Blowing B.C.’s carbon bank
Uncounted greenhouse gas emissions from provincial forests are now almost as high as BC’s official emissions
In December 2011, the international community meets in Durban, South Africa for the next important United Nations climate change summit. With greenhouse gas emissions continuing to increase, there is little time left to reduce carbon dioxide levels in the atmosphere before global warming produces catastrophic consequences. If global warming passes dangerous tipping points, forest ecosystems in different parts of the world will be at uncontrollable risk of die-off, fires, pests and other forms of breakdown with further release of carbon storage. Efforts to reduce CO2 emissions from all sources require urgent action.
One of the few areas where progress appears possible in the short term are efforts to reduce emissions from forest loss and destructive logging practices. Countries that harbour large forested areas must swiftly implement land use policies that maintain and increase carbon storage capacity and protect species habitat that is under increasing pressure due to climate change. British Columbia can and must be a leader in this undertaking.
Globally, deforestation contributes approximately 20 per cent to greenhouse gas emissions. B.C.’s temperate rainforests are among the ecosystems with the highest carbon storage per hectare on the planet and they continue to sequester carbon.

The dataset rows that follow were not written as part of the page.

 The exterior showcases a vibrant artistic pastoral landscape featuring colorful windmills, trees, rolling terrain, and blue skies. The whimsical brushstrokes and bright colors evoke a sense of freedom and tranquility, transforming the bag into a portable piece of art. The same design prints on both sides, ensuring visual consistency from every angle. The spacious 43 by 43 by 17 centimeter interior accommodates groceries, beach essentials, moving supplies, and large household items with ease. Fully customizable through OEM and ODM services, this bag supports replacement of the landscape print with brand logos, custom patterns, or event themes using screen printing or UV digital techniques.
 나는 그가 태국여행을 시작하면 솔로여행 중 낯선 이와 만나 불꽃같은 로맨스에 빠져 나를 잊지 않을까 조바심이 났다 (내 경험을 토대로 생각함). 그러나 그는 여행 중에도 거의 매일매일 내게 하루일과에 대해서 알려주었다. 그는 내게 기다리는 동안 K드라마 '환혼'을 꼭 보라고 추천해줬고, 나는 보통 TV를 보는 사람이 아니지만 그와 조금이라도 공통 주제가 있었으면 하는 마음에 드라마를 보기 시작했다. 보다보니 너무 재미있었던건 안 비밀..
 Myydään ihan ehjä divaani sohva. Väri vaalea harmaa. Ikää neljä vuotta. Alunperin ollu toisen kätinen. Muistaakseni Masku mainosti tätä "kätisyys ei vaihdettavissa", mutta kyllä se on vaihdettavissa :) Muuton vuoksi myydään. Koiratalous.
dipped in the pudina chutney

Fires and pests, which can cause huge releases of carbon dioxide in other forest types, are rare in coastal forests. Clear-cutting temperate old-growth rainforests causes massive loss of carbon storage and the ability to recover the carbon stores is limited for hundreds of years.

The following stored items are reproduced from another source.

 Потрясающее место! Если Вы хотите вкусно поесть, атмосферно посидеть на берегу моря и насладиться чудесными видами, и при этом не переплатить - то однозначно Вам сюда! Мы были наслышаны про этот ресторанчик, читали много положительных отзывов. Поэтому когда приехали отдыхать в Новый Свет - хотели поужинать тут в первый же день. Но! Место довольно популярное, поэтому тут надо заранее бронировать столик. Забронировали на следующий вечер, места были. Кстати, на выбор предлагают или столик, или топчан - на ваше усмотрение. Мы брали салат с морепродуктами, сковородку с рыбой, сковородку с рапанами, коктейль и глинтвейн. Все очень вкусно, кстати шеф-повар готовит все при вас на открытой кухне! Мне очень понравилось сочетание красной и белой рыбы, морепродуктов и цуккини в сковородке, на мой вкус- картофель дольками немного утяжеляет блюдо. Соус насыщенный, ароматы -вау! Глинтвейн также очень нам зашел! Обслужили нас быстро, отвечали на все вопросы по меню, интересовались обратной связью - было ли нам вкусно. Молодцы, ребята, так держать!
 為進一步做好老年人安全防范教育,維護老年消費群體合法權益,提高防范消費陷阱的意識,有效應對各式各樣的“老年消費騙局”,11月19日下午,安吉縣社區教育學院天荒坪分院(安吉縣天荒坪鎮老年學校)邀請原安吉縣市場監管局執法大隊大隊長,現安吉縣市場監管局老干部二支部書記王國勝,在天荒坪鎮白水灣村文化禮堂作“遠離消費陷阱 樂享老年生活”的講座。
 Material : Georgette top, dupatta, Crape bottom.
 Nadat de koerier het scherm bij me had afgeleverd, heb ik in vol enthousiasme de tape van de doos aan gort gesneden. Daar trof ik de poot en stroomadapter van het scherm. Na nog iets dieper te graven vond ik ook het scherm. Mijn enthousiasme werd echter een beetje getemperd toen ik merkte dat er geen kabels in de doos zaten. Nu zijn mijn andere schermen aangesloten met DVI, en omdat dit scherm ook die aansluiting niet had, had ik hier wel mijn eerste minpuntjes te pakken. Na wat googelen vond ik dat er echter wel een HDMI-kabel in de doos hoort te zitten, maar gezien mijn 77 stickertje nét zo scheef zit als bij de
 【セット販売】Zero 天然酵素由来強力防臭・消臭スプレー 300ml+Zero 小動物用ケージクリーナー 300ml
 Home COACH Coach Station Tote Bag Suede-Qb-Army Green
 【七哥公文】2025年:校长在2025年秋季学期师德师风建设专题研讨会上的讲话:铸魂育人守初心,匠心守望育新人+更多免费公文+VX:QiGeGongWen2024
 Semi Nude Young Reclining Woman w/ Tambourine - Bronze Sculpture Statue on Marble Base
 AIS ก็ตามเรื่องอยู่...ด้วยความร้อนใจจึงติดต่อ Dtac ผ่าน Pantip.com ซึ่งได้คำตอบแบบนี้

Yet despite massive and increasing emissions from B.C.’s forests these are not counted as part of our official emissions and buried as “memo items” in the provincial greenhouse gas emissions reports. Recent provincial data shows that net emissions from forestlands were 63 million tonnes of carbon dioxide in 2009, more than double the 2008 net emissions. Counting these emissions would almost double the official provincial greenhouse gas emissions of 2009 (67 million tonnes).
Until a decade ago, B.C.’s forests were a carbon sink and sequestered approximately half of the official provincial emissions. With the outbreak of the Mountain Pine Beetle infestation our forest turned from sink to source. However, a closer look at provincial data shows how destructive logging practices contribute to huge carbon losses. The 2010 provincial report showed that net emissions from forest lands were mainly caused by logging (55 million tonnes, with only a small portion stored in wood products for a longer period of time).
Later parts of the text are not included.